(Saved data entries)
▼
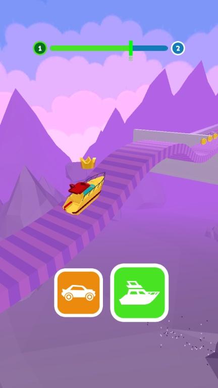 三种模式下进行尝试与体验,在熟悉不同交通工具的切换之后,会逐渐加入与其他玩家的对抗,并逐渐提升关卡内的游戏难度
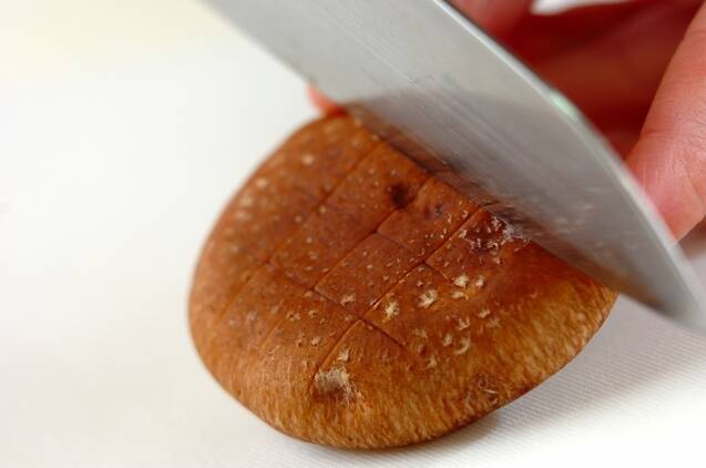 シイタケは軸を切り落とし、汚れを拭き取る。笠は格子に切り込みを入れる。
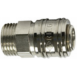 Schnellverschlusskupplung NW 7,2 »connect line«, MS vern., G 1/2 AG, Betriebsdr. 0 - 35 bar, Mediums-/Umgeb.temp. -20°C bis 100°C. Die universelle Einhand-Schnellverschlusskupplung in einseitig absperrender Ausführung zu einem enorm günstigen Preis. Durch die geschlossene Verriegelungshülse wird ein Verschmutzen der Innenteile verhindert. Bei Verwendung von Stahlnippeln kann diese Kupplung aufgrund ihrer gehärteten Verriegelungsstifte auch an Druckluftwerkzeugen verwendet werden. Um Verletzungen oder den Peitschenhiebeffekt zu vermeiden, empfehlen wir den Stecknippel beim Entkuppeln mit einer Hand festzuhalten.
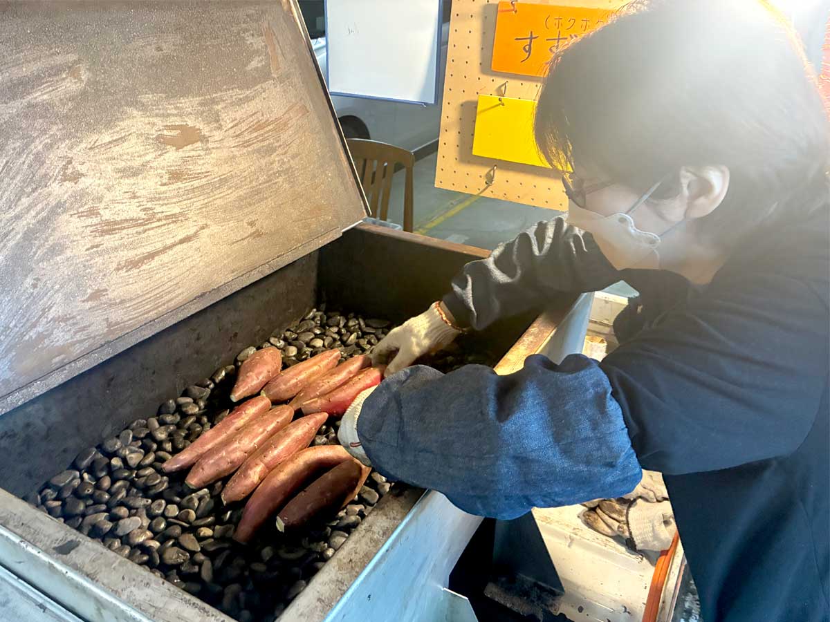 石焼き芋釜でじっくり焼きあげる澄子さん
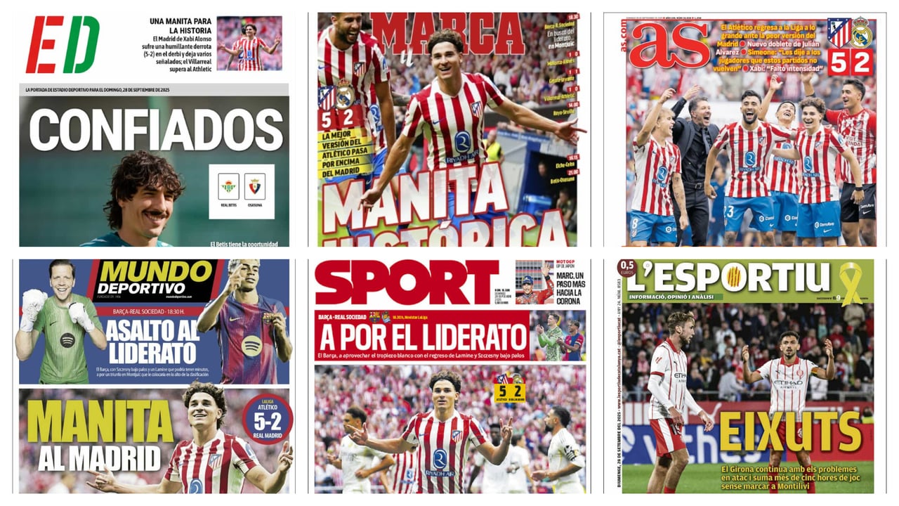 Las portadas deportivas de este domingo 28 de septiembre de 2025 vienen marcadas por la victoria del Atlético de Madrid sobre el Real Madrid. Los de Simeone sacaron el rodillo en el Metropolitano para vencer por 5 a 2 al desdibujado equipo de Xabi Alonso. Este resultado puede valerle al FC Barcelona para colocarse líder en la clasificación de LaLiga si es capaz de vencer a la Real Sociedad esta tarde, a parir de las 18.30 horas. Por otro lado, la prensa se hace eco de las históricas medallas de oro y bronce conseguidas por las españolas en los mundiales de ciclismo femenino. Paula Ostiz se colgó el oro en la categoría junior, mientras que, l eterna Mavi García, obtuvo la medalla de bronce en la categoría absoluta.
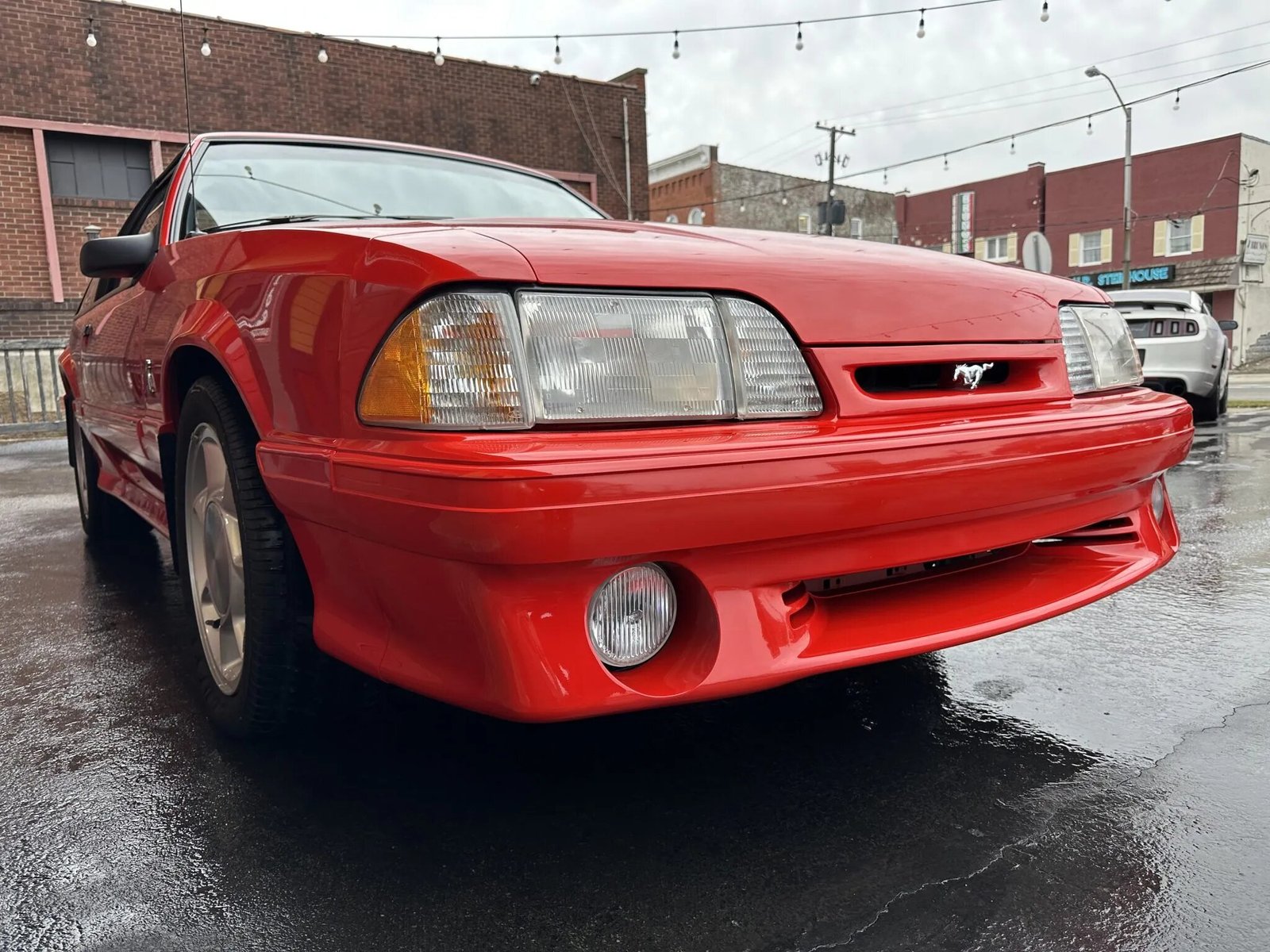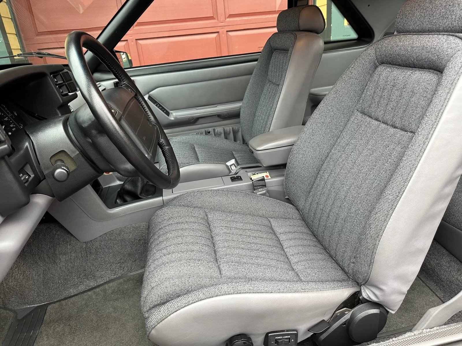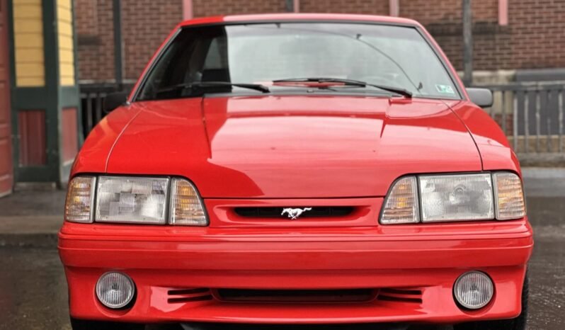 This 1993 Ford Mustang SVT Cobra is powered by a 302ci V8 linked with a five-speed manual transmission and a limited-slip differential. Finished in Vibrant Red over Opal Grey cloth and vinyl, the car is equipped with 17″ turbine-style alloy wheels, a rear spoiler, fog lights, front sport seats with adjustable lumbar, a cassette stereo, air conditioning, and power windows, door locks, and mirrors. The SVT Cobra received a revised rear wing, bumper covers, Mustang SVO-style taillights, and special badging that differentiated it from the contemporary Mustang.
▲
* [Exercise brief] Write the records out again exactly; none of the pictures belong in the copy.

* [Result of the exercise]
 三种模式下进行尝试与体验,在熟悉不同交通工具的切换之后,会逐渐加入与其他玩家的对抗,并逐渐提升关卡内的游戏难度
 シイタケは軸を切り落とし、汚れを拭き取る。笠は格子に切り込みを入れる。
 Schnellverschlusskupplung NW 7,2 »connect line«, MS vern., G 1/2 AG, Betriebsdr. 0 - 35 bar, Mediums-/Umgeb.temp. -20°C bis 100°C. Die universelle Einhand-Schnellverschlusskupplung in einseitig absperrender Ausführung zu einem enorm günstigen Preis. Durch die geschlossene Verriegelungshülse wird ein Verschmutzen der Innenteile verhindert. Bei Verwendung von Stahlnippeln kann diese Kupplung aufgrund ihrer gehärteten Verriegelungsstifte auch an Druckluftwerkzeugen verwendet werden. Um Verletzungen oder den Peitschenhiebeffekt zu vermeiden, empfehlen wir den Stecknippel beim Entkuppeln mit einer Hand festzuhalten.
 石焼き芋釜でじっくり焼きあげる澄子さん
 Las portadas deportivas de este domingo 28 de septiembre de 2025 vienen marcadas por la victoria del Atlético de Madrid sobre el Real Madrid. Los de Simeone sacaron el rodillo en el Metropolitano para vencer por 5 a 2 al desdibujado equipo de Xabi Alonso. Este resultado puede valerle al FC Barcelona para colocarse líder en la clasificación de LaLiga si es capaz de vencer a la Real Sociedad esta tarde, a parir de las 18.30 horas. Por otro lado, la prensa se hace eco de las históricas medallas de oro y bronce conseguidas por las españolas en los mundiales de ciclismo femenino. Paula Ostiz se colgó el oro en la categoría junior, mientras que, l eterna Mavi García, obtuvo la medalla de bronce en la categoría absoluta.
 This 1993 Ford Mustang SVT Cobra is powered by a 302ci V8 linked with a five-speed manual transmission and a limited-slip differential. Finished in Vibrant Red over Opal Grey cloth and vinyl, the car is equipped with 17″ turbine-style alloy wheels, a rear spoiler, fog lights, front sport seats with adjustable lumbar, a cassette stereo, air conditioning, and power windows, door locks, and mirrors. The SVT Cobra received a revised rear wing, bumper covers, Mustang SVO-style taillights, and special badging that differentiated it from the contemporary Mustang.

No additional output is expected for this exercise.